The party participated in the May 2012 Greek legislative election shortly after being founded, receiving 2.15% of the total vote, short of the 3% threshold needed to enter Parliament. In the repeat elections in June, it formed an electoral alliance with Drasi, a fellow liberal party that had finished directly below them in the May election with 1.8% of the vote. Recreate Greece also approached Democratic Alliance, but the latter opted to run on the New Democracy list instead. In the 17 June 2012 elections, the combined parties garnered only 1.59%, a lower vote than either got in the elections the month before. Drasi would later merge with New Democracy, while Recreate Greece declined further, receiving 0.53% in the 2015 election and 0.74% in 2019. In 2020, Thanos Tzimeros announced a new coaliation with far-right politician Failos Kranidiotis, which was later merged with a new party formed by Greek conservative MP Constantinos Bogdanos, and named National Creation.

Ideology and leadership 
Originally, the party's ideology has been referred to as classical liberalism and that it used to promote neoliberal ideas of free markets and small government.
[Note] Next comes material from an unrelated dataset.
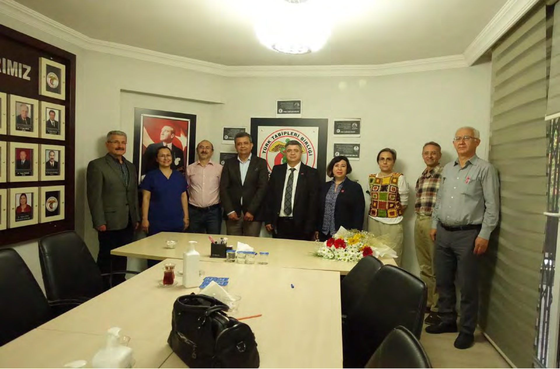
26.04.2022 AYDIN DIŐ HEKİMLERİ ODASI ZİYARETİ

Because of his involvement for over a decade, it is widely believed that the party's leader Thanos Tzimeros shapes the party's ideology. His speeches and beliefs have changed over the years, shifting the party further to the right. He has been described as extreme or far-right. Tzimeros has described the Greek Communist Party as dangerous and that it must be outlawed, whilst he compares it to neo-Nazism. In some cases, he even expressed controversial opinions about the Greek National Resistance being a historical crime. He tends to have controversial views on migration, which have been described as racist, and often proclaims that Islam is a threat.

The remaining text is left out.